#### [Data supplied]
__________
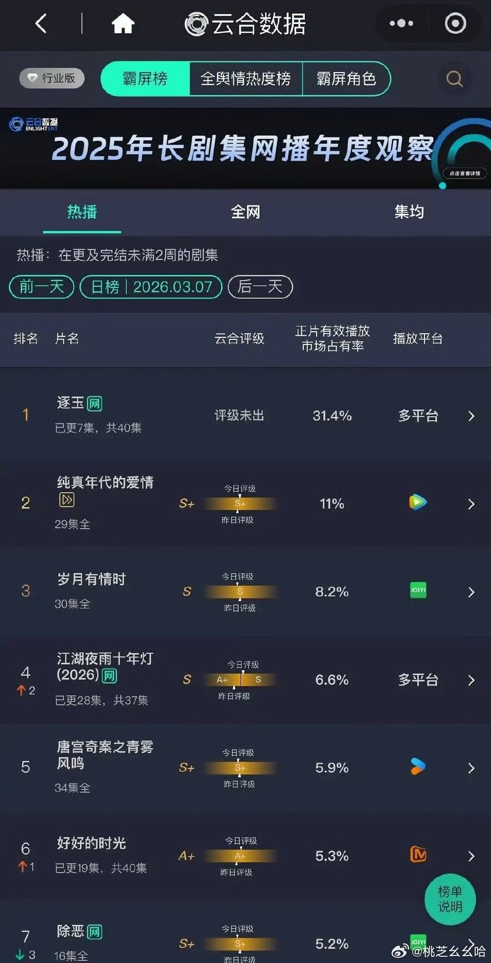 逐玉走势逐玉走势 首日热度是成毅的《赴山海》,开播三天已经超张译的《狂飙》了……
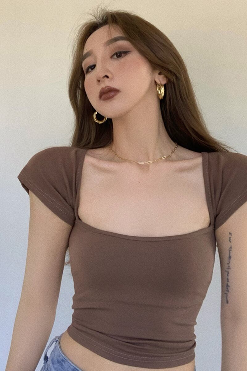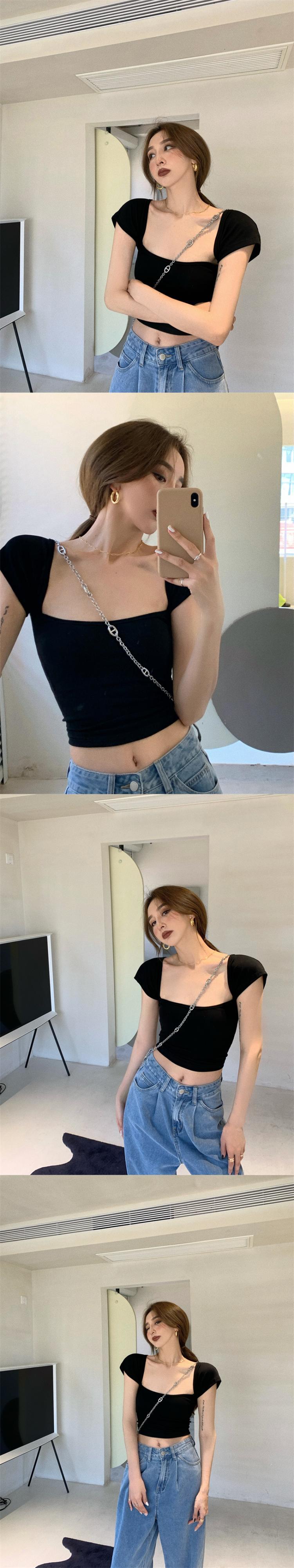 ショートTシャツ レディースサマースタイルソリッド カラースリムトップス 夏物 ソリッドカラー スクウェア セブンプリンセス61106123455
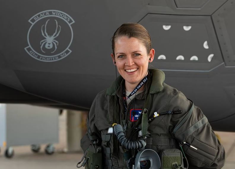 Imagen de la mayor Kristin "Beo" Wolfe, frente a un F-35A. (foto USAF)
__________
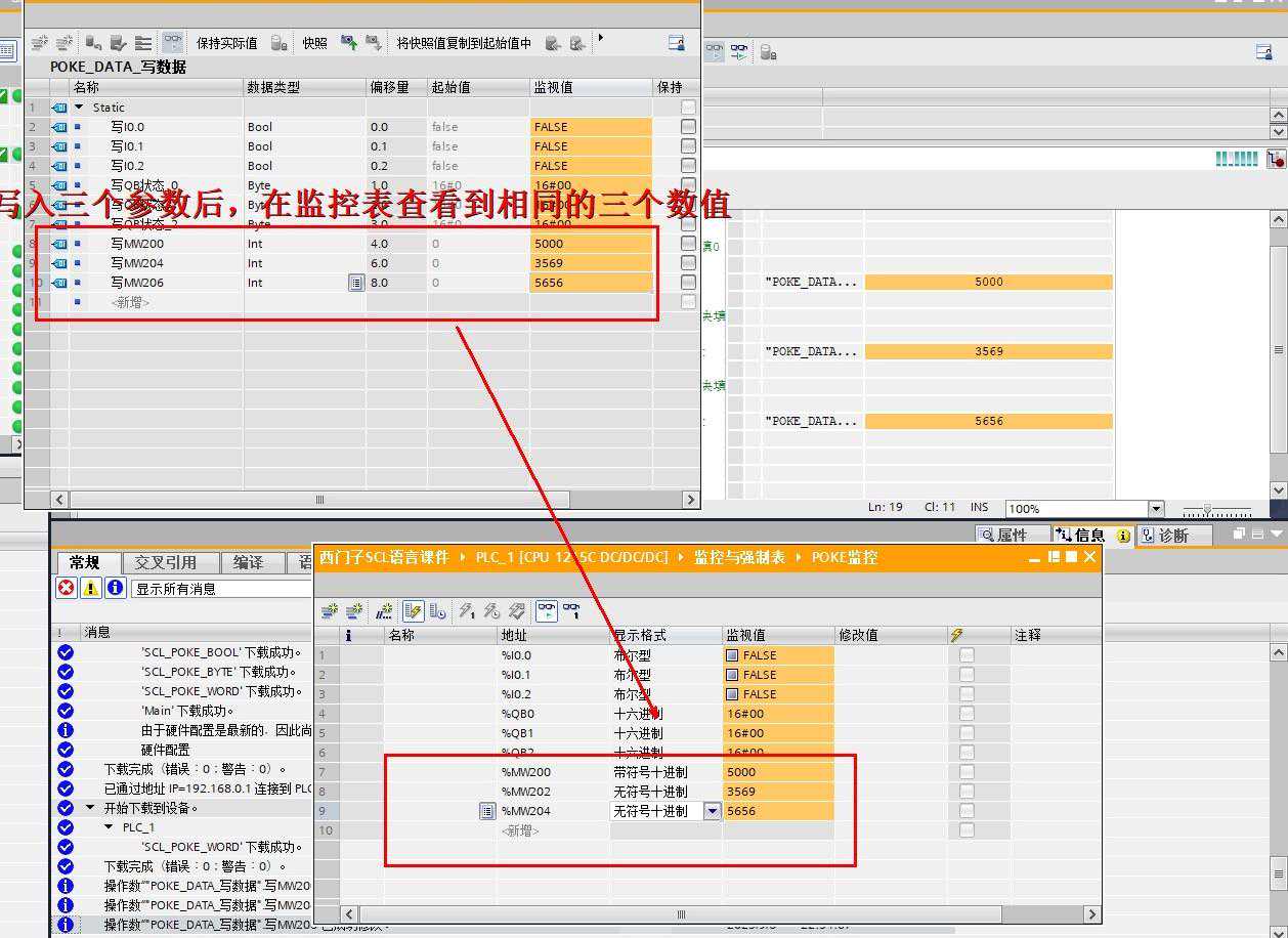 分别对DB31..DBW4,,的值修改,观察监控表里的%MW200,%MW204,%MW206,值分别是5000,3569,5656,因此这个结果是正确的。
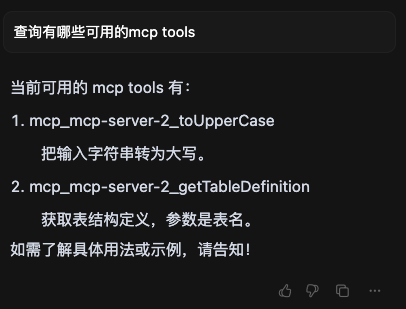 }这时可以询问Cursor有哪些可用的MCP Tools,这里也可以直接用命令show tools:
__________
Look above for the line with "ショートTシャツ レディースサマースタイルソリッド カラースリムトップス" and the line with "Imagen de la"; set down those two lines and all lines between them exactly, without pictures and without anything else.

 ショートTシャツ レディースサマースタイルソリッド カラースリムトップス 夏物 ソリッドカラー スクウェア セブンプリンセス61106123455
 Imagen de la mayor Kristin "Beo" Wolfe, frente a un F-35A. (foto USAF)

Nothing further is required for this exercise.